By Annie Raab
Every morning at 7:30 she arrived at the fish house on the spitting lure of the ocean town. She walked up to the third floor of the bright yellow building and donned herself in a white cooking smock. She knifed the burlap bag open and poured the prawns into the cold metal sink. Every morning she started at the top, holding each prawn by the tail and spiral ripping the shells down the length of the soft fleshy body. She worked from the top of the pile to the bottom, discarding the shells in the trash and the naked prawns in the sink. Once all the prawns had been peeled, she unstuck the paring knife from the magnetic strip and sliced them down the length of their back, removing the stringy brown organ inside.

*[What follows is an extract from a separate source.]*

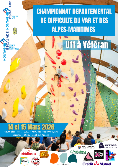 Le championnat départemental de difficulté des Alpes Maritimes se déroulera dans le Var (oui !) à Puget-sur-Argens dans la salle South Block Park le weekend du 14 et 15 mars.

She did this at 7:30 every morning in the narrow yellow building between the harbor and the ocean. She would stand peeling, half facing the window to the ocean, and watch the charter boats depart on their daylong fishing tours. The sun was slow to affect the town. The people slept in boats and in tents near the water. The overgrown evidence of an Alaskan summer bloomed up the sides of rusty trailers. It took her all morning to prepare the prawns. The rest of the day she skewered them for the grill, order by order. She worked with two girls who were too special to clean prawns, too pretty and clean. They came in at 8 and tousled dry their wet hair, removing precious bracelets from their arms and changing from nice blouses to chef coats. They began preparing the salad. They diced carrots, sliced onions, removed the ugly part of the lettuce. They set aside coolers of oysters, set aside the tools for shucking, prepared the dishes to be served. They never volunteered to clean the prawns. The girl learned to meditate in the disarming of each and every prawn.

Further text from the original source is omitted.